- Task requirements
Check every line of the data and copy the ones where "печатка" appears.

============================================================

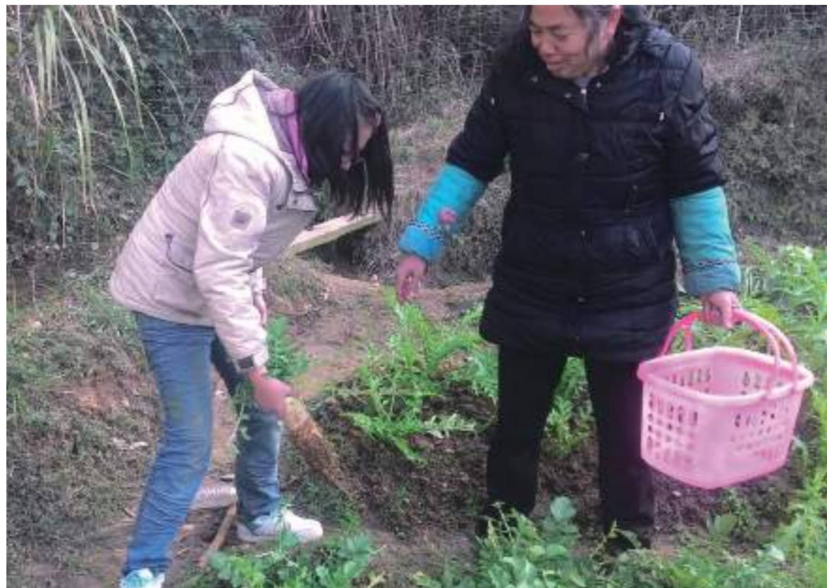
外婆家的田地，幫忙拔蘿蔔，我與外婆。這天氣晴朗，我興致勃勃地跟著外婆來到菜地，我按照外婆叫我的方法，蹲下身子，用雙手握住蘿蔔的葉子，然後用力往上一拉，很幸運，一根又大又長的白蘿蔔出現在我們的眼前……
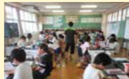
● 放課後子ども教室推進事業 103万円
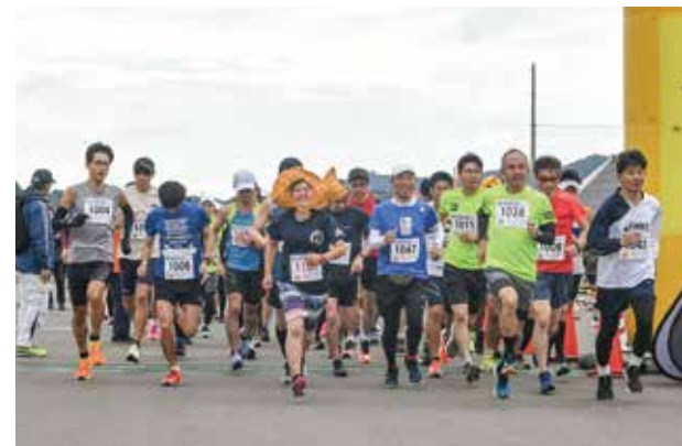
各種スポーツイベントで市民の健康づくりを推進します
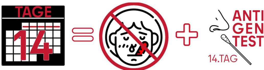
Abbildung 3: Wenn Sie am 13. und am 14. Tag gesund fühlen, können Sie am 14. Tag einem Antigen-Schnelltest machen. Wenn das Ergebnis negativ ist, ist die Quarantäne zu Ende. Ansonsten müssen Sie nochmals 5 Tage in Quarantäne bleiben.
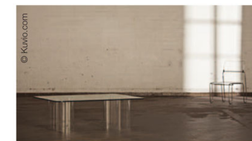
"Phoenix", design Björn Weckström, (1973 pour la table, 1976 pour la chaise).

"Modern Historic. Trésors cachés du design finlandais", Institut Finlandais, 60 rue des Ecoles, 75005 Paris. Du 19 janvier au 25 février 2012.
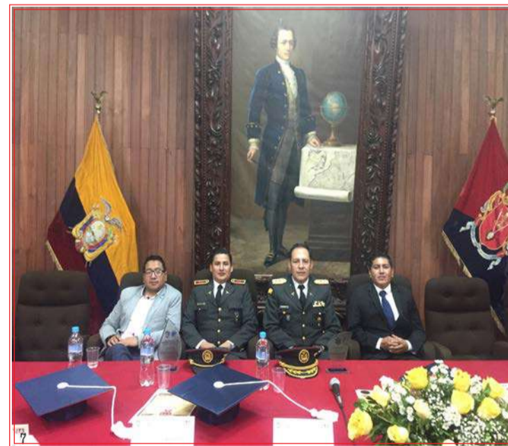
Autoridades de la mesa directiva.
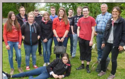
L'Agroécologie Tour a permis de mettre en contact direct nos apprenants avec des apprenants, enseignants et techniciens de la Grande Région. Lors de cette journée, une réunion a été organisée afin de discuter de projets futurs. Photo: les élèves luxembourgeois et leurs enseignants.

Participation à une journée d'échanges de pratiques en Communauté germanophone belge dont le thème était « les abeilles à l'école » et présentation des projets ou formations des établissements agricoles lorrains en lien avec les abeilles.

============================================================

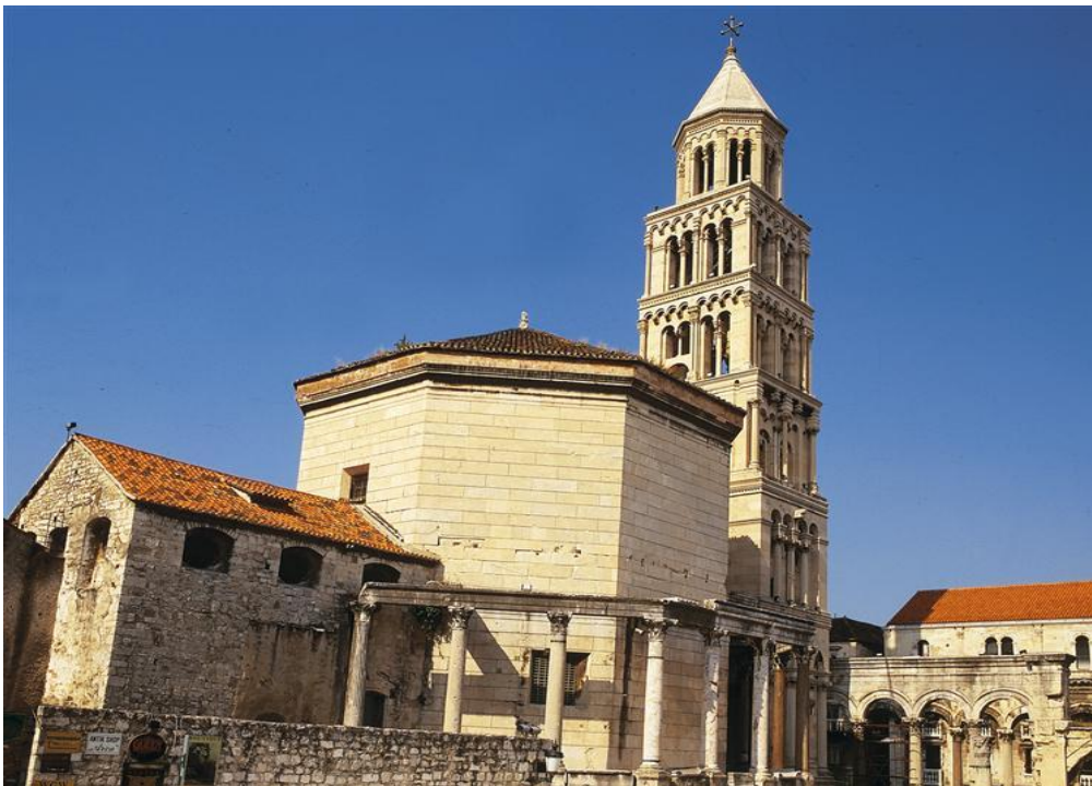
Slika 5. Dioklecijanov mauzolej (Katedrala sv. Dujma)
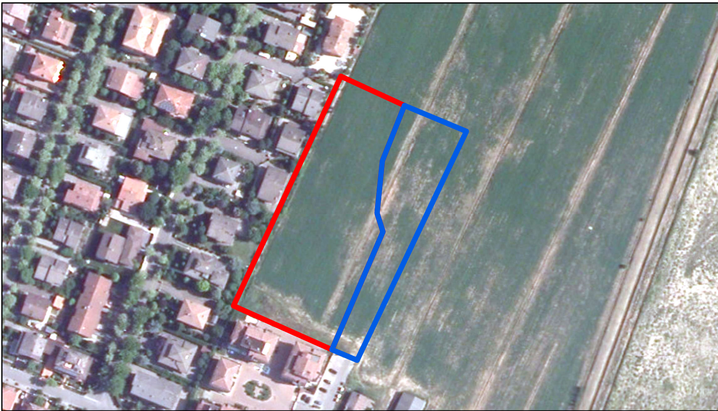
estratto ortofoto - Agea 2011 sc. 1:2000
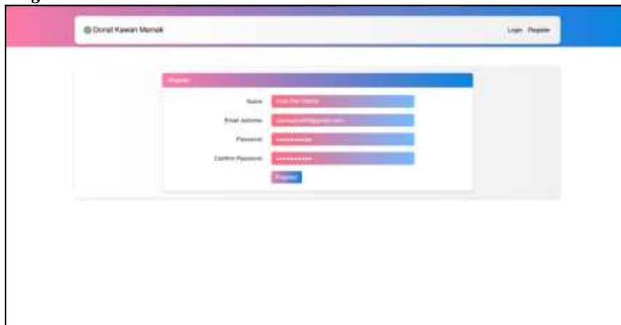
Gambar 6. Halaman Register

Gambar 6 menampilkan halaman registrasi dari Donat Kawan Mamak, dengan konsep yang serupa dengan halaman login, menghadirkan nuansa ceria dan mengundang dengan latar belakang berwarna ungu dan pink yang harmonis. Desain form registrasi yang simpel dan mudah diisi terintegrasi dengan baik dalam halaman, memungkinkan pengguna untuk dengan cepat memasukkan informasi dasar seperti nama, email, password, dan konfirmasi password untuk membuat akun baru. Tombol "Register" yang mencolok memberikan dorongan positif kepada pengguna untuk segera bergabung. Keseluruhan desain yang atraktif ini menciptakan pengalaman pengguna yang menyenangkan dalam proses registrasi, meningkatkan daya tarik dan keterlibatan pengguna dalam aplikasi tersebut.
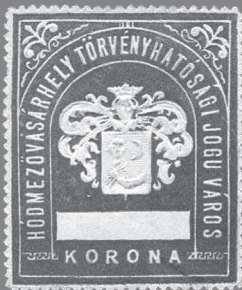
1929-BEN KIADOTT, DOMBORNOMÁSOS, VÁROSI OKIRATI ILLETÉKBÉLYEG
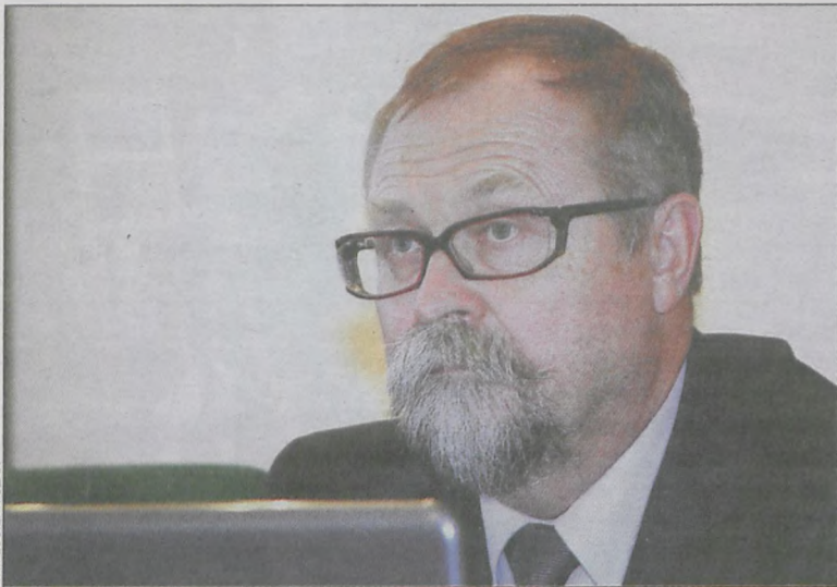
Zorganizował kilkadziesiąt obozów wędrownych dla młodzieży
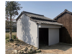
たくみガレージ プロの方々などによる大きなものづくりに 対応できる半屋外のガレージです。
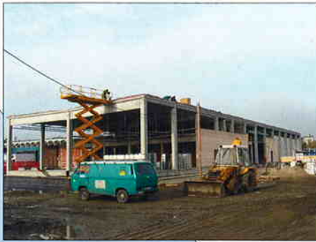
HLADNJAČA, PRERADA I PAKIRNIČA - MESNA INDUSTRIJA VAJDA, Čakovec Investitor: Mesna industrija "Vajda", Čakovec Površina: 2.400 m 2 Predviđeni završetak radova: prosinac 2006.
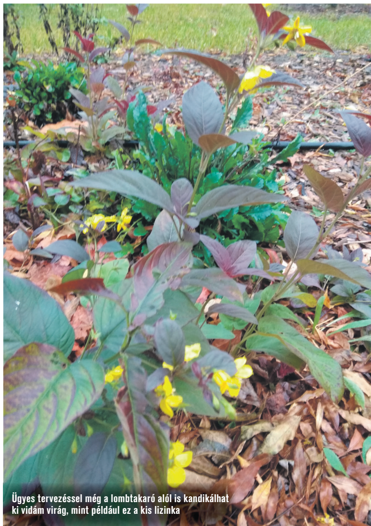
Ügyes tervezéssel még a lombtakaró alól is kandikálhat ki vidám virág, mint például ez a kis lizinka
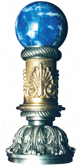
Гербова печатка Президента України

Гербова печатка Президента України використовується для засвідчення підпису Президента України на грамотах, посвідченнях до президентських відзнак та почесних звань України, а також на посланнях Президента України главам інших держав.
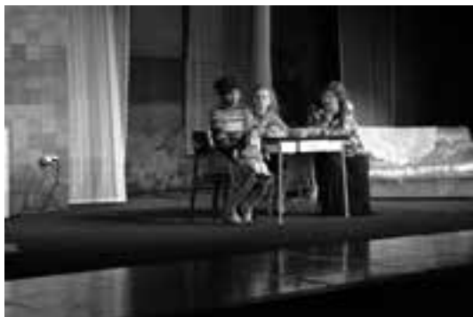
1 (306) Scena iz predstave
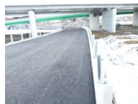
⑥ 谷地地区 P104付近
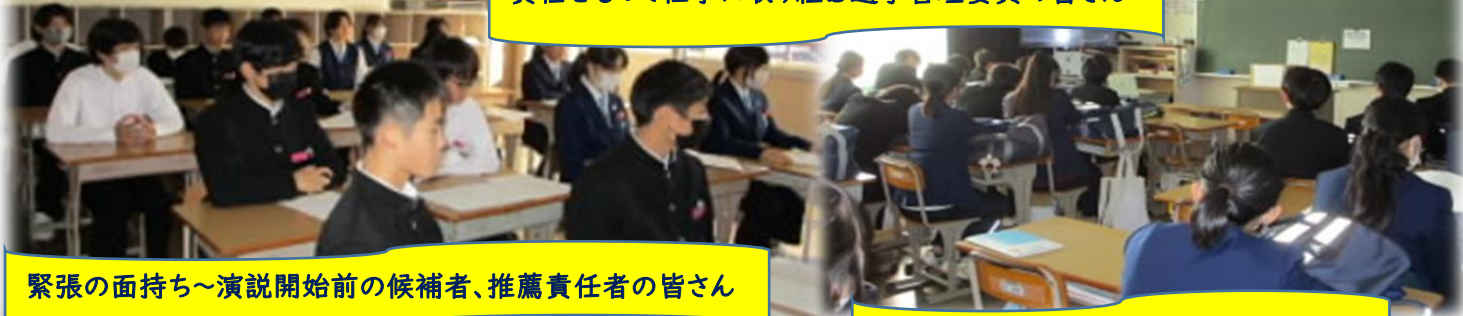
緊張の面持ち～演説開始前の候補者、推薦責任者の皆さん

============================================================

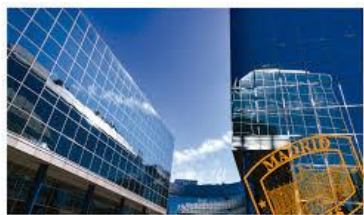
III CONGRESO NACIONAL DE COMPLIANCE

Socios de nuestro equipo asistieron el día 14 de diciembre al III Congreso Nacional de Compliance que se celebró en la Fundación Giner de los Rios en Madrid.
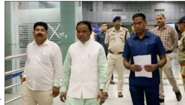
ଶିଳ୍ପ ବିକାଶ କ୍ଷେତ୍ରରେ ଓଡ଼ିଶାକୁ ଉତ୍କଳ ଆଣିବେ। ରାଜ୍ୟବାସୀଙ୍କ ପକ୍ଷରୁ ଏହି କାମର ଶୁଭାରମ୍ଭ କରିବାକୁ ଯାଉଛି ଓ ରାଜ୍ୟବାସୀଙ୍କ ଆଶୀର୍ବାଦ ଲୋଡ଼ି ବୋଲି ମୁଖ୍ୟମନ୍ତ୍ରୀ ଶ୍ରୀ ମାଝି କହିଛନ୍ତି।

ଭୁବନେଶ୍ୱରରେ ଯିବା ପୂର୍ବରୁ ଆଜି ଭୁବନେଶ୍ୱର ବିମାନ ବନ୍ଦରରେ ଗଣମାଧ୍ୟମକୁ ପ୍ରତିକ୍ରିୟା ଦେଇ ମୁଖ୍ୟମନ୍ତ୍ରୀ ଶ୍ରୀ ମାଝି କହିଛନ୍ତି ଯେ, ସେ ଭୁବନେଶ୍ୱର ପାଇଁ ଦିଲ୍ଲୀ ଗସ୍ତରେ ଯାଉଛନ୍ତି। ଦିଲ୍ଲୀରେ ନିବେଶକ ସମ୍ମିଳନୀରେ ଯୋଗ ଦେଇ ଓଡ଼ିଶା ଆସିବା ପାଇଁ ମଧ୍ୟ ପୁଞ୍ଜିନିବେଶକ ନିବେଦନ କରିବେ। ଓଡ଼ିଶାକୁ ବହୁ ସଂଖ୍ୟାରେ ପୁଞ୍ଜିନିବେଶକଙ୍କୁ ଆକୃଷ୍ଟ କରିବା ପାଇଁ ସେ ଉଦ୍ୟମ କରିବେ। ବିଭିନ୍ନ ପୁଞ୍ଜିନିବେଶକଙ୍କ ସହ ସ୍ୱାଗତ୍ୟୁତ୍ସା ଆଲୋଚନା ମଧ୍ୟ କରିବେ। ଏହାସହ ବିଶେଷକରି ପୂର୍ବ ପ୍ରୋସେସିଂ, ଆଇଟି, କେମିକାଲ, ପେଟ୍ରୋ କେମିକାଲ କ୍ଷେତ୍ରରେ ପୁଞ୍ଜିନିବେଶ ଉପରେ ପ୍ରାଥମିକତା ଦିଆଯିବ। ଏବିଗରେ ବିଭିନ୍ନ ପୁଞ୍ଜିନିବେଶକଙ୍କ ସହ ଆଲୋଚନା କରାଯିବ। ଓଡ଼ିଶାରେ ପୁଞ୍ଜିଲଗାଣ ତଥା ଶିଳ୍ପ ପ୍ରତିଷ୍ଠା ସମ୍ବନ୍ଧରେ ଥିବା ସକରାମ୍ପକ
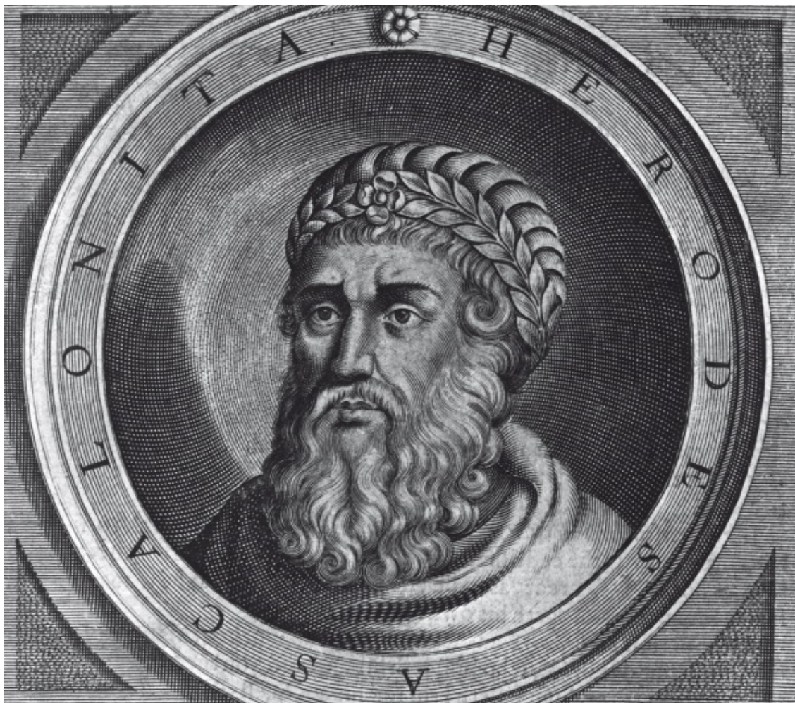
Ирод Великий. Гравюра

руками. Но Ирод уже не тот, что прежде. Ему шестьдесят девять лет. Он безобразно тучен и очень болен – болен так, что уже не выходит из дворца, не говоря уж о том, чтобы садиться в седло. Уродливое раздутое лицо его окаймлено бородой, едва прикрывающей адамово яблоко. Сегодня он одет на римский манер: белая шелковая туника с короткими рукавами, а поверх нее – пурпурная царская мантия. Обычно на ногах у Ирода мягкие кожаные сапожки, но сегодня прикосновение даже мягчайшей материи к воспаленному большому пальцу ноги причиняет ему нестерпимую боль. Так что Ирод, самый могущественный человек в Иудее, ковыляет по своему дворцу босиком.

============================================================

- Solution for this exercise
Гербова печатка Президента України
Гербова печатка Президента України використовується для засвідчення підпису Президента України на грамотах, посвідченнях до президентських відзнак та почесних звань України, а також на посланнях Президента України главам інших держав.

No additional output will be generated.